While the incidence of adverse effects was significantly higher in the treatment groups (9.26%; 573 of 6,187 participants) compared with non-treatment groups (7.73%; 307 of 3,972 participants), the average discontinuation rates did not differ between the groups.
The study also had several efficacy endpoints: LDL cholesterol, HDL cholesterol, total cholesterol and lipoprotein(a). Compared with the non-treatment groups, participants treated with PCSK9 antibodies had a 47.49% reduction in LDL cholesterol, a 6.30% increase in HDL cholesterol and a 31.49% reduction in total cholesterol.
Additionally, the treatment groups had a greater than 25% reduction in lipoprotein(a) levels compared with the non-treatment groups.
“These findings will impact the way to treat patients with hypercholesterolemia: from this meta-analysis we know now there are novel agents in the armamentarium of physicians that, when added to a statin, are able not only to further reduce the level of cholesterol but also improve survival,” said Dr. Navarese.
“Additionally, reduced level of serum creatine kinase found with PCSK9 antibodies point that these agents are also very useful in attenuating statin intolerance.”
In a related editorial, Miguel Cainzos-Achirica, MD, and colleagues wrote that more trials with extended follow-up periods are needed to better assess the safety of PCSK9 antibodies.
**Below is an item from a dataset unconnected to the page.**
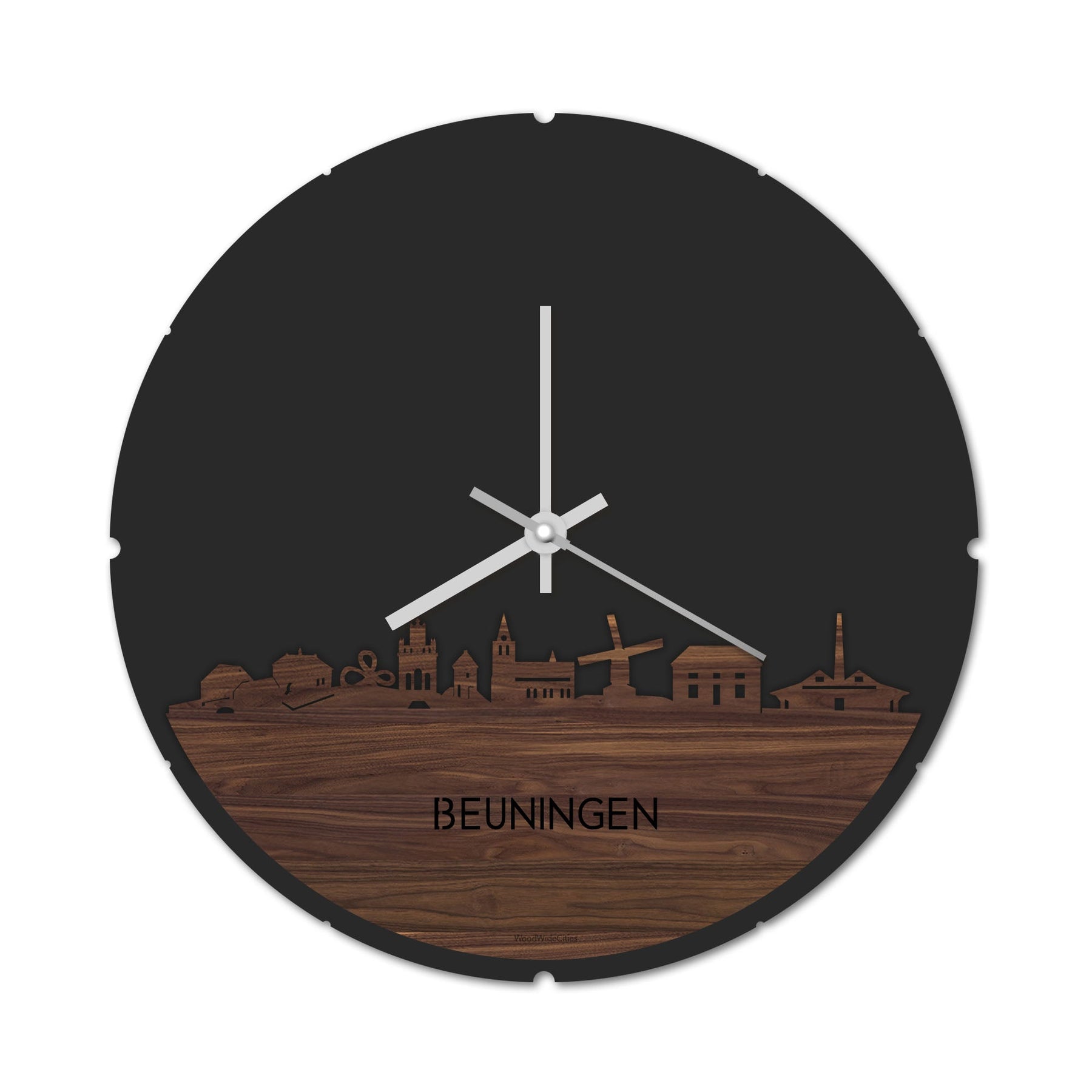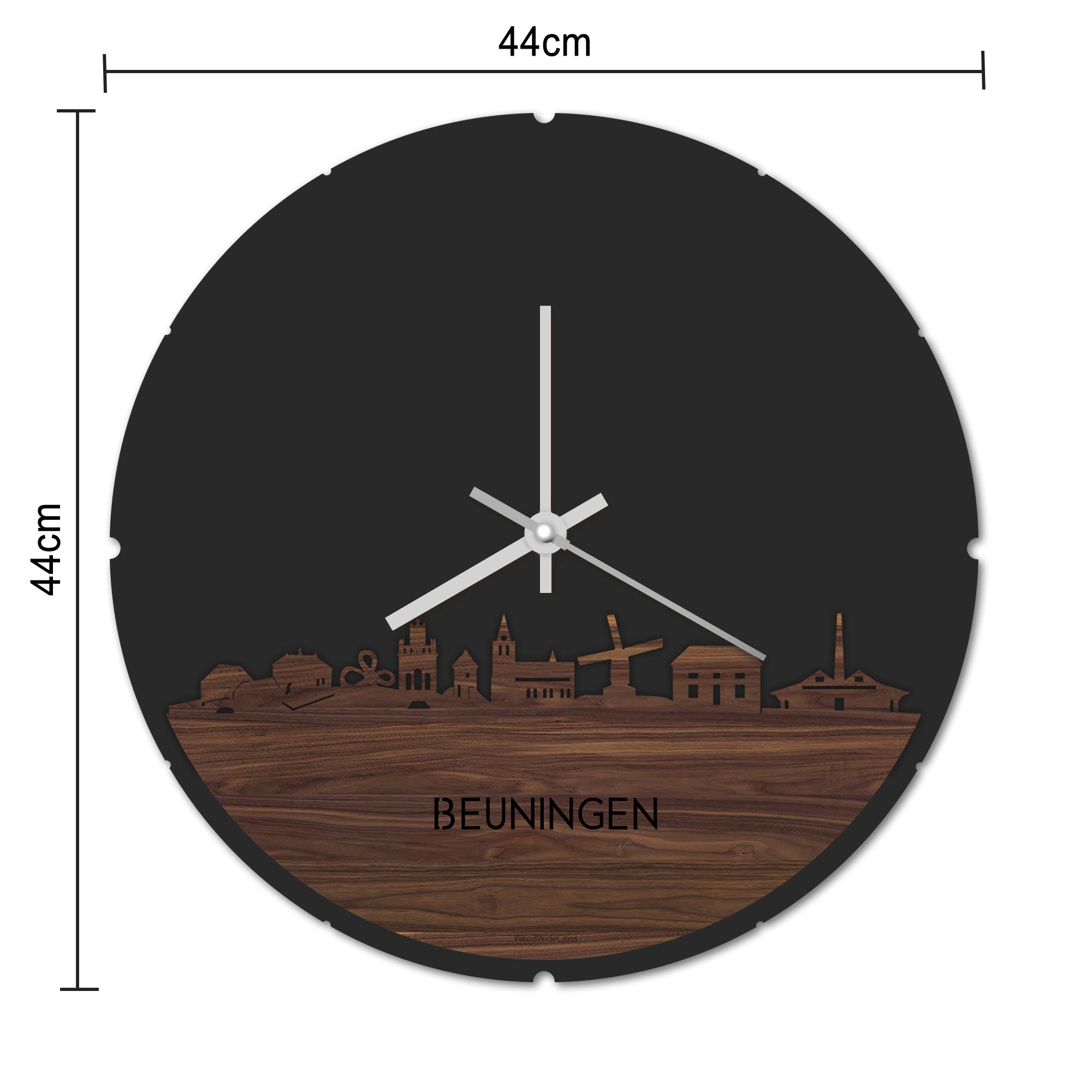 Blijf bij de tijd met de ronde skyline wandklok Dat geldt dubbelop als je deze multifunctionele houten wandklok van WoodWideCities in huis haalt. Deze klok met afbeelding van de skyline van Beuningen houdt je bij de tijd, maar neemt je ook mee terug naar de stad waar je bent geboren of waar je hebt gestudeerd. Een mooie herinnering, elke keer als je kijkt hoe laat het is! Of wat dacht je van een afscheidscadeau, een tijdloos geschenk voor moeder- of vaderdag en andere mijlpalen zoals trouwerijen, het behalen van diploma’s en het openen van een nieuw kantoor of bedrijf, een spetterende binnenkomer voor je kind die gaat studeren in een andere stad of een ideaal cadeau voor de housewarming van kennissen en vrienden.

Although the current meta-analysis did not find a particular increase in serious adverse effects, there are little existing data on the more long-term effects of PCSK9 antibodies. In animal models, these antibodies are potentially linked to impaired glucose metabolism, providing further incentive to test their long-term effects in humans.
Additionally, the editorial pointed out that this new therapeutic option for treating hypercholesterolemia necessitates investigating the best sequence and combination of drug therapies for various patient populations.
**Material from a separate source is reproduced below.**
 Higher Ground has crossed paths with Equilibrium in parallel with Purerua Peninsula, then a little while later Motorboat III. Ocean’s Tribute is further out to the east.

The editorial writers suggested that the study’s results be interpreted with “cautious enthusiasm” until further studies further explore how PCSK9 inhibitors can be used to manage hypercholesterolemia.
Navarese remains hopeful about the future of PCSK9 inhibitors. “We are entering a new era with more promising agents that soon will receive the FDA approval due to their clear cut benefits on clinical outcomes,” he said. “But for now we have yet another piece of evidence that the lower LDL cholesterol, the better.”